The new Governing Council secretary, Sheree Drummond. Courtesy Sheree Drummond.

Sheree Drummond stepped into the role of Governing Council secretary on March 1, 2016. Drummond has worked at the University of Toronto since 2003 and previously held the positions of assistant provost and deputy secretary.

The Governing Council is the university’s highest governing body and the secretary’s role is to oversee the many parts of U of T’s governance processes, including the Governance Council, the Freedom of Information and Protection of Privacy Office, the Internal Audit Office, and the Office of Convocation. 

“At the core of it, you are — and the word is used in the position description — a guardian,” Drummond said. “There are all of these processes and rules that need to be maintained and respected and the role of the secretary… is to make sure that all of that is happening appropriately.”

As the fourth secretary of the Governing Council, Drummond hopes to make information more accessible and to build relationships with the various university stakeholders.

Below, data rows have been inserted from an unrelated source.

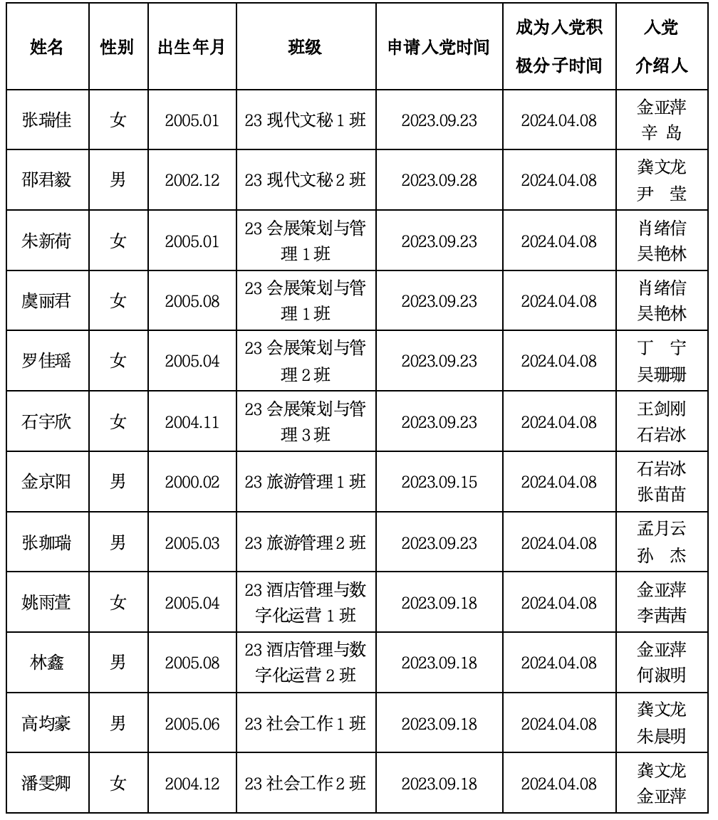经本人申请,组织审查,支委会讨论研究,拟接收张瑞佳等同志为党的发展对象。按照发展党员的程序与规定,现将以下同志有关情况予以公示,请监督。具体公示如下: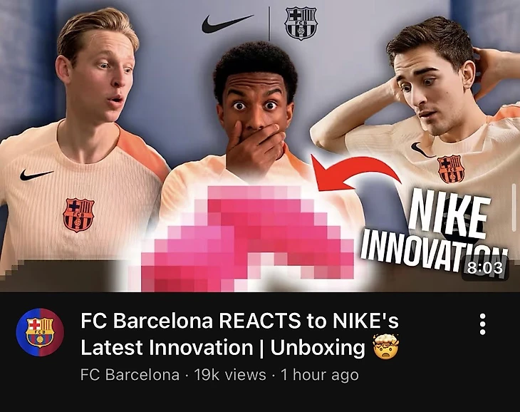 На официальном ютуб-канале «Барселоны» появился ролик с загадочным названием: «Барселона» реагирует на последнюю инновацию Nike. Распаковка». Обложка еще более интригующая.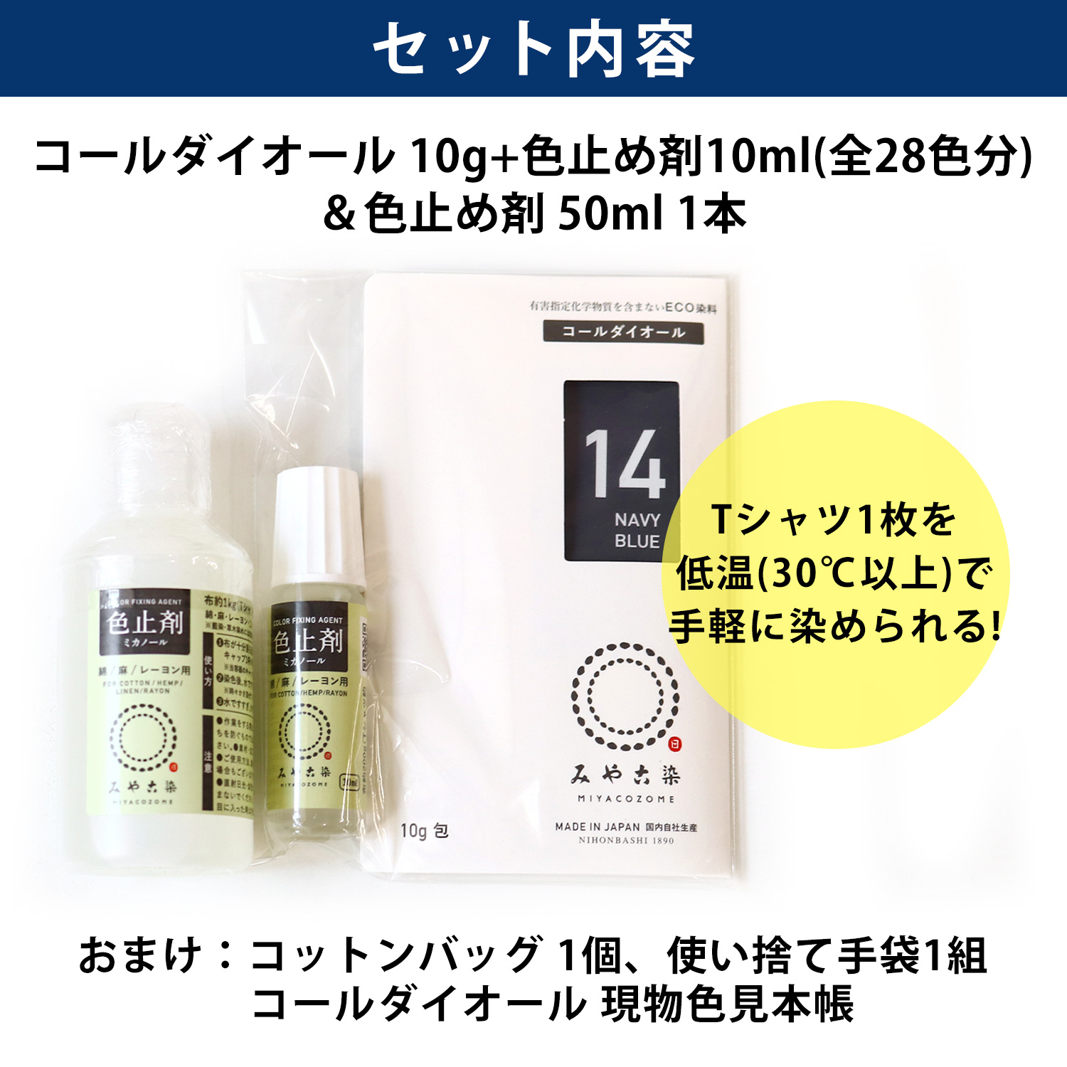 【第一弾・4/8まで】ECOA-10SET-ALL 低温染料10g 全28色&色止剤50mlセット+バッグ&現物見本帳おまけ付き (セット)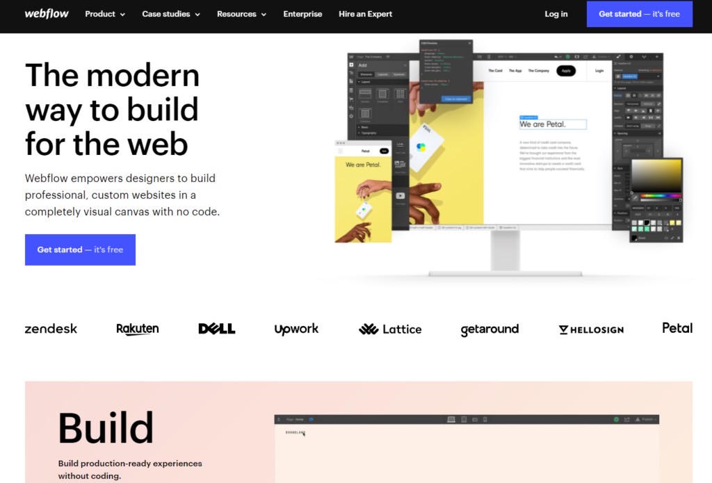 Webflow 是一個 SaaS 應用程序,它允許設計人員使用基於瀏覽器的可視化編輯軟件構建響應式網站。當設計人員使用該工具時,Webflow 會自動生成 HTML、CSS 和 JavaScript。Webflow 的使用者定位介在「外行平面設計師」及「專業網站工程師」之間,相較其他架站軟體,Webflow 支援的功能繁多,大至網站版型 RWD、小至游標移到圖上時會 Roll 的動畫選擇,全部都能隨心所欲地調整!( 想了解更多 )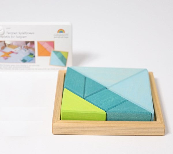 Acest set frumos colorat include o cărticică cu șabloane pentru inițierea în vechiul joc chinezesc, tangram.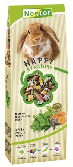 HAPPY BY NATURE – idealnie dopasowany i zbilansowany pokarm klasy PREMIUM z lucerną, marchewką i ziołami, został specjalnie przygotowany z myślą o królikach. Mieszanka pozbawiona sztucznych składników, barwników, konserwantów, starannie dobrana zgodnie z potrzebami i wymaganiami żywieniowymi królików, z siłą płynącą wprost z serca natury wspomaga ich zdrowie, kondycję i dobre samopoczucie.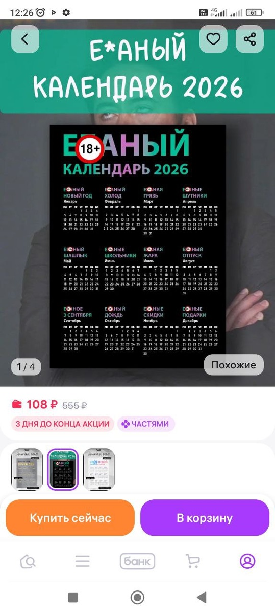 🚩🚩🚩🚩🚩🚩 Всем привет на этой ветке форума. Сегодня я на работе: утром забрала справку о составе семьи (нужна в военкомат), а также получила заказ на 🛒: пришел долгожданный фотоальбом. Кстати, вчера я уже забрала фотобумагу и мы весь вечер печатали фото 👍Я очень довольна. Сегодня из трат был календарь за 108 рублей. Очень понравился именно этот😁 Кроме того, после работы тоже будут траты: нужно купить фрукты, молоко и яйца.

“I see that as a high priority because I think it is very important in terms of building the trust with people if they know who you are and have the chance to interact with you,” Drummond said. “Then I think the likelihood of there being open communication especially when there are difficult issues is a lot better at that point. I am expecting to spend a fair amount of my time actually meeting with people either inside or outside of our system.”

Drummond graduated from UTSC — known at the time as Scarborough College — in 1992. She was actively involved in student life, participated in student government, worked as a residence don, and even drove the shuttle bus around the Scarborough campus.

“In many ways, I see this as the grown up adult version of what I was doing as a student here,” Drummond said.

As an undergraduate student, Drummond did not know much about the Governing Council and wishes she had known about it. As a result, she wants to use her new position to educate more people about how the university operates.

“I see it as a public service really to kind of help people understand what our system is, how it is structured and where are the places for them to actually engage and make a difference and have their voices heard,” Drummond said. “While people can proactively do something about that, I think I can also be proactive in trying to be clear and open about that so it gives people the opportunity to know more about how we operate and actually become part of the dialogue in a positive way.”

Passionate about post-secondary education, Drummond also brings experience from her time working for the University of Alberta’s central administration.

“I just think that having the opportunity to work in a university is extremely exciting. Being constantly exposed to young people and the ways in which they are thinking, all the new ideas coming from the faculty, from the students; you’re always feeling like you’re in an  evolving innovative environment,” she said. “Even if you are not personally engaged in the teaching and the research, it has a huge impact on the work that you do, even from the administration and governance side. It is a very satisfying thing.”